# THE TASK
Whatever comes before the line containing "Yerli, yabancı, popüler" stays out; transcribe that line and all that follow to the end of the records exactly, with no pictures.

# Collected data entries

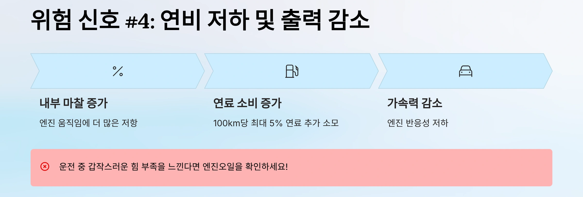 | 오일 장기 미교체 | 점도 저하, 슬러지 생성 |
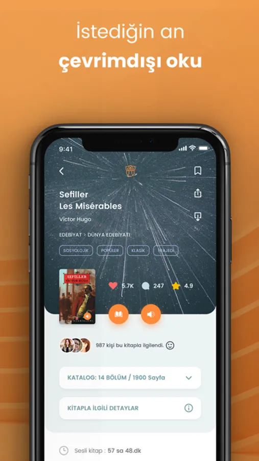 Yerli, yabancı, popüler ve klasik eserlerin bir araya toplandığı uygulamada, kategoriler arasında ayrıntılı bir şekilde arama yapabilir, takip ettiğin yazar ve yayınevleriyle ilgili daha fazla bilgi edinebilirsin. Seçtiğin kitaplardan kendi kütüphaneni oluşturarak çevirimdışı olduğun zamanlarda bile onlara ulaşabilir, okuyabilir ve dinleyebilirsin. Okuma ve dinleme deneyimini en üst seviyeye çıkaracak kullanıcı dostu özelliklerle donatılmış uygulamada, sesli kitaplar içeriğine göre seçilmiş profesyonel ses sanatçıları tarafından, stüdyo ortamında hazırlandı. Aynı şekilde okuma konforunuzu en üst seviyeye çıkarmak için, uygulama içindeki tüm e-kitaplar epub dosyaları şeklinde yüklendi.
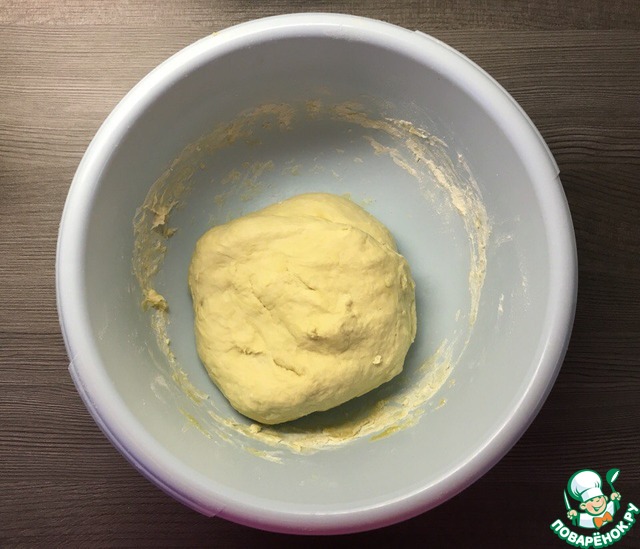 Тесто должно получиться эластичным, но немного прилипающим к рукам.
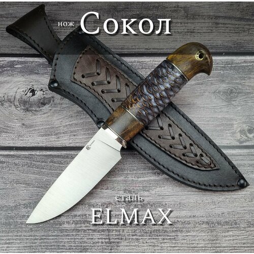 Нож Сокол сталь ELMAX рукоять карельская берёза, вставка шишка в акриле, ножны из натуральной кожи, Кузница Семина официальный производитель
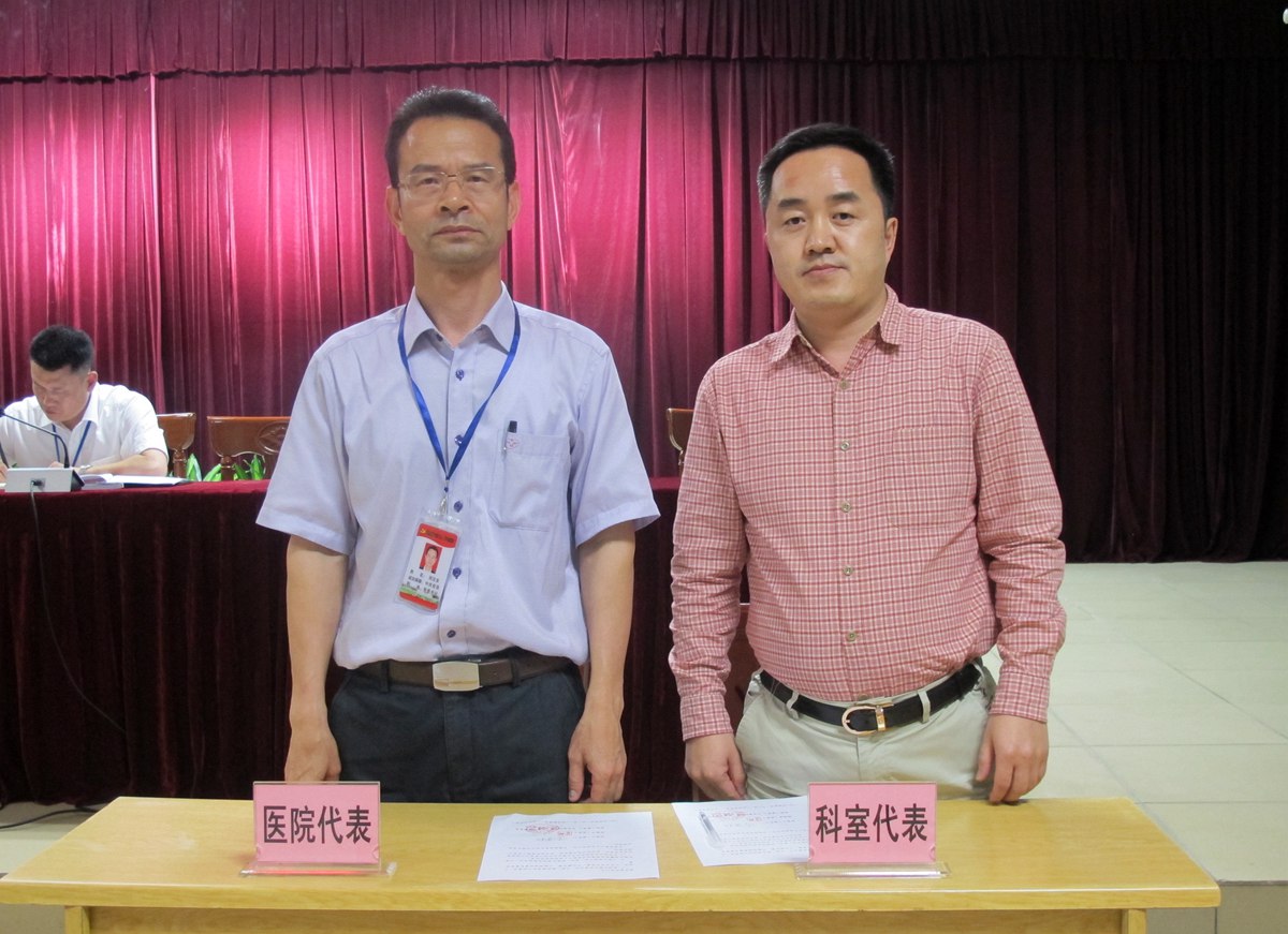 邓汉东书记(左)代表医院党委分别与医务人员代表、党支部代表签署了《承诺书》和《责任书》
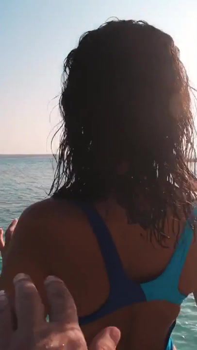 Beautiful chick with a guy on a beautiful beach by the sea
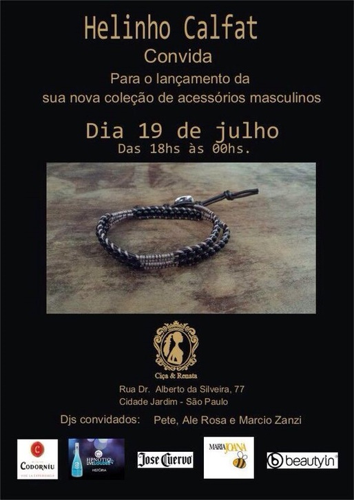 O queridinho da high society Paulistana e dos artistas mais famosos do Brasil, Helinho Calfat, estará lançandono no próximo sábado (19), sua nova coleção de acessórios masculinos inspirados no Brasil. Em parceira com as designers Ciça & Renata.

# RESPONSE
 Yerli, yabancı, popüler ve klasik eserlerin bir araya toplandığı uygulamada, kategoriler arasında ayrıntılı bir şekilde arama yapabilir, takip ettiğin yazar ve yayınevleriyle ilgili daha fazla bilgi edinebilirsin. Seçtiğin kitaplardan kendi kütüphaneni oluşturarak çevirimdışı olduğun zamanlarda bile onlara ulaşabilir, okuyabilir ve dinleyebilirsin. Okuma ve dinleme deneyimini en üst seviyeye çıkaracak kullanıcı dostu özelliklerle donatılmış uygulamada, sesli kitaplar içeriğine göre seçilmiş profesyonel ses sanatçıları tarafından, stüdyo ortamında hazırlandı. Aynı şekilde okuma konforunuzu en üst seviyeye çıkarmak için, uygulama içindeki tüm e-kitaplar epub dosyaları şeklinde yüklendi.
 Тесто должно получиться эластичным, но немного прилипающим к рукам.
 Нож Сокол сталь ELMAX рукоять карельская берёза, вставка шишка в акриле, ножны из натуральной кожи, Кузница Семина официальный производитель
 邓汉东书记(左)代表医院党委分别与医务人员代表、党支部代表签署了《承诺书》和《责任书》
 Beautiful chick with a guy on a beautiful beach by the sea
 O queridinho da high society Paulistana e dos artistas mais famosos do Brasil, Helinho Calfat, estará lançandono no próximo sábado (19), sua nova coleção de acessórios masculinos inspirados no Brasil. Em parceira com as designers Ciça & Renata.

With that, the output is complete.